Now, in theory I have no problem with that — well, actually, that’s a lie, I have a HUGE fucking problem with Gamergate, given that one of their two biggest targets is the partner of one of my friends, and if you send death and rape threats to my friends’ partners, I am going to have problems with you. But ignoring things like that, the problem is what this does to the Hugos.
You see, anyone with a membership to Worldcon can nominate for the Hugos, and then the five things in each category that get the most nominations go on the ballot. Last year, when the “Sad Puppies” were keeping within SF fandom, this was fine. They got a couple of things in each category on the ballot, and people could vote for them or not as they chose. Mostly they chose not.
This time, the Sad Puppies have swamped the nominations with people who aren’t SF fans, who don’t read SF, but who want to “humble SJW” and “fight the SJW infection” (SJW — right-wing arseholes’ abbreviation for “Social Justice Warrior”, their term for anyone who cares about anyone other than straight white cis men). And this causes a problem, because they nominated as a bloc.
While people nominating based on their own actual taste will all be nominating different things — some might nominate Charles Stross, or Ann Leckie, or John Scalzi, or even some of the Sad Puppy slate like maybe Kevin Anderson, whoever they think wrote the best book — the “Sad Puppies” were all nominating the same five things in each category. And as such they’ve swamped the ballot paper.
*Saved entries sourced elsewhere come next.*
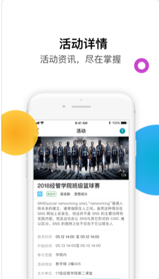 3.轻松报名参与各种各样的校区活动中来,发布活动反馈信息,积极互动交流。
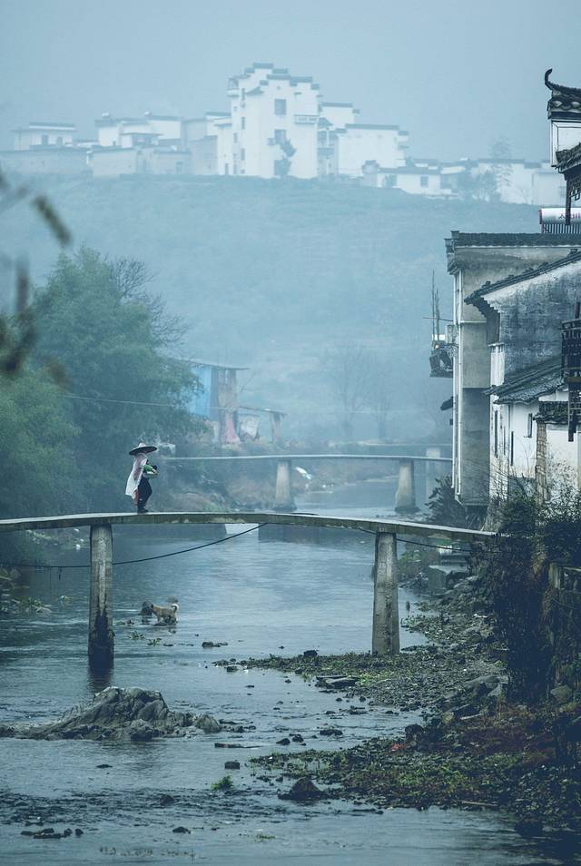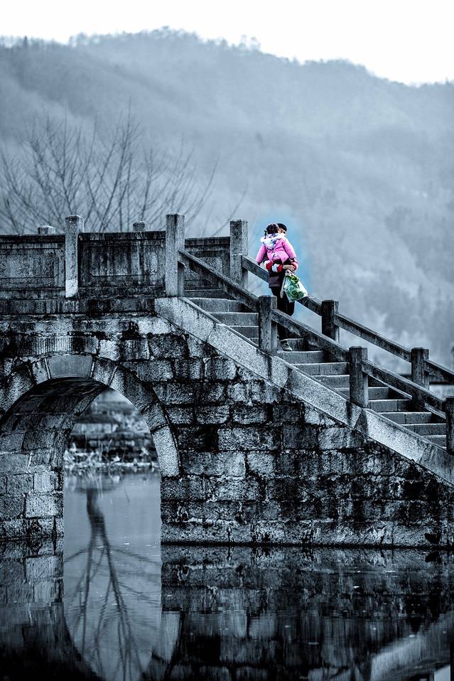 冬天的雨也是寂静的,我以为那只是远山飘来的仙气,而今天过桥的她,身上却加披了一件雨衣。
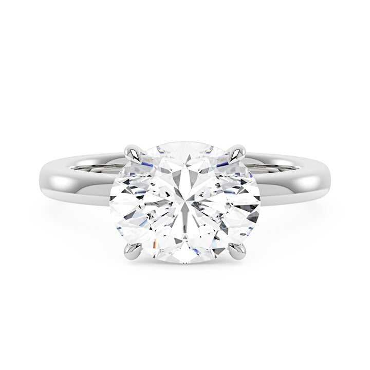 This 4 Carat Oval Moissanite Solitaire Engagement Ring by EPI Jewelry features a breathtaking sideways oval moissanite, renowned for its exceptional brilliance and timeless elegance. Set with four delicate prongs on a polished band, it allows maximum light to amplify the stone’s sparkle. This piece embodies refined beauty and enduring style, making it the quintessential choice for a sophisticated engagement ring that balances classic charm with modern luxury.
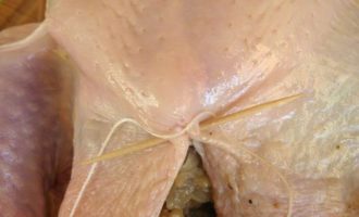 • Начинка при такой шнуровке держится в брюшке курицы хорошо, не вытекает.

In some categories, one or two non-Sad-Puppy nominations made it — Ann Leckie’s Ancillary Sword, for example, was so hugely popular that no-one could keep it off, and the same goes for Doctor Who and Game of Thrones in the drama categories — but the Sad Puppies and their friends make up all or nearly all of the nominations.
This is strictly within the rules, but it’s the worst kind of entryism in that it denies the majority a voice.
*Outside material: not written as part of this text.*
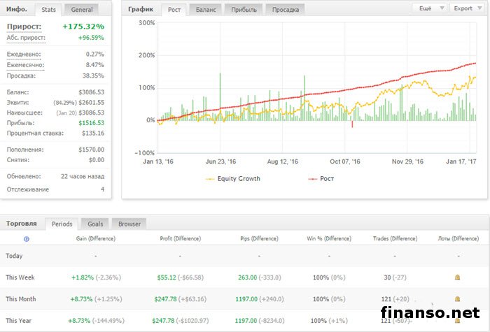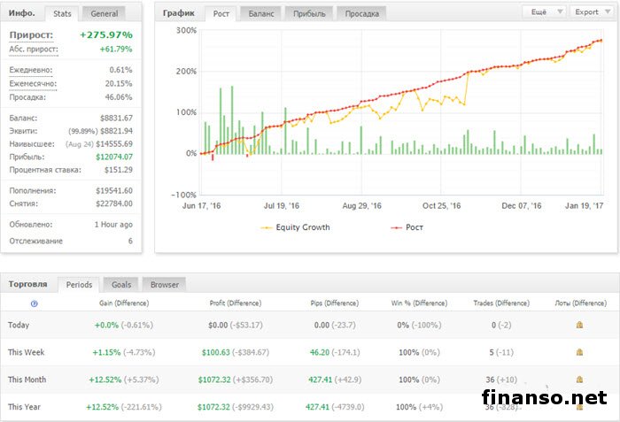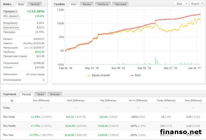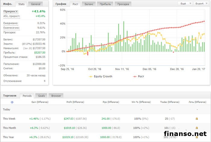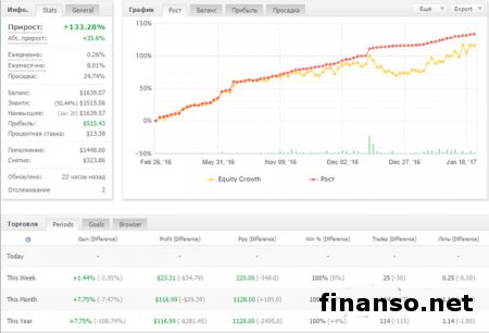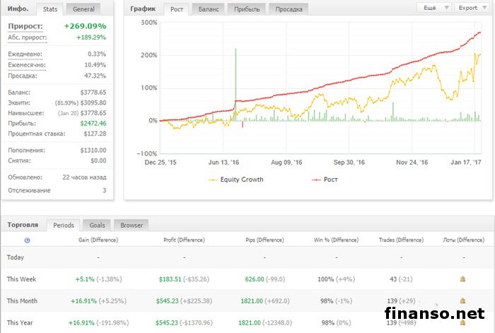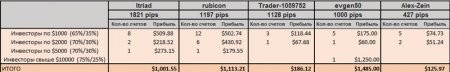Пассивный доход, который получают с помощью LAMM-автокопирования операций на финрынке от торговли трейдеров Академии Masterforex-V, бьет рекорды, сообщают аналитики. "Таким образом, по результатам первых недель января пять трейдеров Masterforex-V принесли доход вкладчикам в 5573 пункта (около 5,5 тыс. долларов при торговле 0,1 лота)", - констатирует проректор Академии Masterforex-V Сергей Черепанов для "Биржевого лидера".Этот эксперимент бесплатного трехмесячного автокопирования благодаря сервису pro-rebate.com интересен тем, что Академия МФ: а) следит за осуществлением манименеджмента МФ, в результате чего "беспроигрышные торговые счета" Академии ограничены при просадке и приносят большой доход; б) отсеяла трейдеров-мартингейлов. "Таким образом, 60 самых лучших трейдеров Академии Masterforex-V, сохраняя ММ, получили за 2 недели января более 42 тыс. пунктов дохода, из них пятерка VIP-трейдеров принесла прибыль в 5573 пункта", - сообщил Сергей Черепанов (Rich man). Какие итоги продемонстрировали VIP-трейдеры Masterforex-V в 2017 году?Самый лучший итог за 2 недели января продемонстрировал трейдер Академии Itriad, который заработал 1821 пункт дохода при приросте депозита на 16,91% или 545,23 доллара, при торговле 0,03 лота при 3,7 тыс. торгового депозита: На второй позиции - трейдер rubicon с прибылью в 1197 пунктов с приростом депозита на +8,73%, плюс к личному счету 247,78 доллара при торговле 0,02 лота при 3,7 тыс. депозита у брокера: Третья строчка принадлежит трейдеру Trader-1059752 с 1128 пунктами дохода и приростом депозита в +7,75% или 116,99 доллара: Четвертое место принадлежит трейдеру с ником evgen50, который заработал за первые 2 недели наступившего года 1000 пунктов, что дало прирост депозита в +6,3%, заработав при этом 1019,10 доллара США: Пятое месте, как и раньше, занимает трейдер Alex-Zein, который показал за январь прибыль в 427 пунктов, что дало прирост депозита в 12,52%, плюс на личном счету 1072,32 доллара: Сколько зарабатывают трейдеры, управляющие счетами инвесторов?Благодаря вкладчикам Клуба инвесторов Masterforex-V, которые предоставили свои инвесторские счета для анализа, можно оценить и продемонстрировать всем трейдерам, как зарабатывать в пять раз больше, чем осуществляя торговлю на собственном счету. Трейдеры, получившие инвестсчета в управление, уже сегодня получают на 30-50% больше за счет автокопирования их сделок крупными инвесторами: |

The majority of SF fans have proved, for several years running, that they simply don’t like the work of the Sad Puppy faction. They think the only way they can get an award, then, is to stop there being a non-Sad-Puppy option on the ballot. They’re probably right about that.
Except for one thing. There’s a No Award option on the ballot. If everyone uses that option — either because they genuinely think that nothing the Sad Puppies have nominated deserves an award on its own merits, or because they want to protest against entryism, or both — then no award will be given.
Personally, I’d rather see no award be given than to reward entryism, especially entryism using a group (Gamergate) that in my mind are only not considered a terrorist group because they’re white men who target less-privileged women.
I urge EVERYONE who can afford a supporting membership to worldcon this year to buy one, read the entries, and give your honest opinion in the vote. I will, of course, be reading everything before I vote on anything, but given the subliterate, cretinous, shit that these people spew out and call stories, I don’t think there’ll be many things getting a preference below “No Award” this year.